### Data for review

Content starts

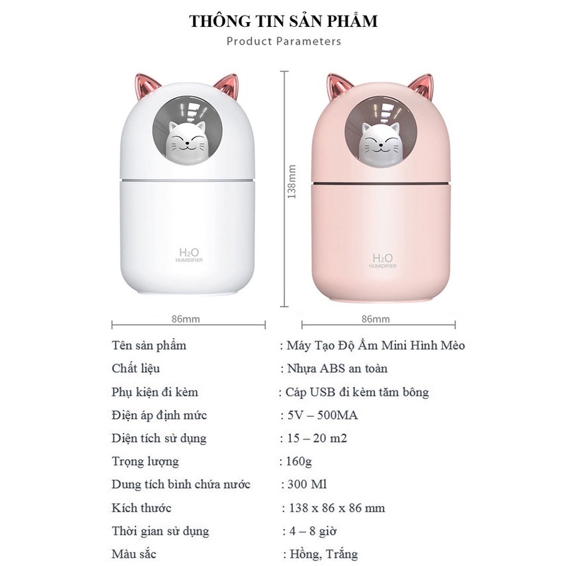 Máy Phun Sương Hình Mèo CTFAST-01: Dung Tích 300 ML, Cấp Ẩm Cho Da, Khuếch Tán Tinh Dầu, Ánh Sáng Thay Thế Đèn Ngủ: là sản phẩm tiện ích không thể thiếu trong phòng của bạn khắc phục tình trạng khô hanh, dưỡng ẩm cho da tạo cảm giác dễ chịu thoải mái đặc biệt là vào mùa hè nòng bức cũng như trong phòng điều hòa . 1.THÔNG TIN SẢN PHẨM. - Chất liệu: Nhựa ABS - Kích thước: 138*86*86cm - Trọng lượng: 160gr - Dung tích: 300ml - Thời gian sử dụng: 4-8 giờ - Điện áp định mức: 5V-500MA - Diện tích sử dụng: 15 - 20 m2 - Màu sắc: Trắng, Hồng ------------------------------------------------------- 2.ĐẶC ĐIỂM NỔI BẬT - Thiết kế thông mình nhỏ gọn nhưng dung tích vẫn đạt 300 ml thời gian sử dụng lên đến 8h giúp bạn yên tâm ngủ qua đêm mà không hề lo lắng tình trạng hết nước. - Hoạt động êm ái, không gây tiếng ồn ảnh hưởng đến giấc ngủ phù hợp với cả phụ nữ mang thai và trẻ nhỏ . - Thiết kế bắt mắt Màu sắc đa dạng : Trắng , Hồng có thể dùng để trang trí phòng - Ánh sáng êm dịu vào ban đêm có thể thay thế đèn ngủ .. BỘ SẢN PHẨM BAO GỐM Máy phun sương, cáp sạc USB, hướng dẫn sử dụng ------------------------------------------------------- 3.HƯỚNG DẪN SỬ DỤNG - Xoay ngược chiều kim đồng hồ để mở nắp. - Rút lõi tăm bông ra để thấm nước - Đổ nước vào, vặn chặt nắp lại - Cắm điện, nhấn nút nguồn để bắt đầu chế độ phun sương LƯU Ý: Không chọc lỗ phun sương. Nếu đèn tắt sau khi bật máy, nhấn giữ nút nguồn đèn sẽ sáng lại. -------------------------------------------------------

Content ends
Content starts

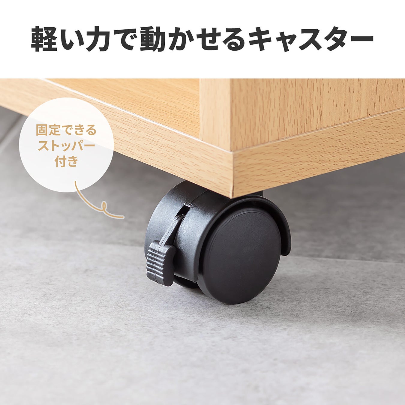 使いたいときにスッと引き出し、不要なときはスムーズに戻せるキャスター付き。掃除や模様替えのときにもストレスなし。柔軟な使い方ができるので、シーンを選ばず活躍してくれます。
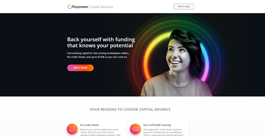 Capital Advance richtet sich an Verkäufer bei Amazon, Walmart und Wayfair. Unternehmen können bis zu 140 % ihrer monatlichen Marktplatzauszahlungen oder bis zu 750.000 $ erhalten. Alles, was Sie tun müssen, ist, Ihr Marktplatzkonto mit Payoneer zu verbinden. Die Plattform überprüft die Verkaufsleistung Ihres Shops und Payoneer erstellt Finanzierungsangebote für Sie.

Content ends

### Aim of the exercise
In the records above, find the line with "使いたいときにスッと引き出し" and the line with "Capital Advance richtet", then restate word for word only those two lines and all lines between, omitting pictures.

### Exercise output
 使いたいときにスッと引き出し、不要なときはスムーズに戻せるキャスター付き。掃除や模様替えのときにもストレスなし。柔軟な使い方ができるので、シーンを選ばず活躍してくれます。
 Capital Advance richtet sich an Verkäufer bei Amazon, Walmart und Wayfair. Unternehmen können bis zu 140 % ihrer monatlichen Marktplatzauszahlungen oder bis zu 750.000 $ erhalten. Alles, was Sie tun müssen, ist, Ihr Marktplatzkonto mit Payoneer zu verbinden. Die Plattform überprüft die Verkaufsleistung Ihres Shops und Payoneer erstellt Finanzierungsangebote für Sie.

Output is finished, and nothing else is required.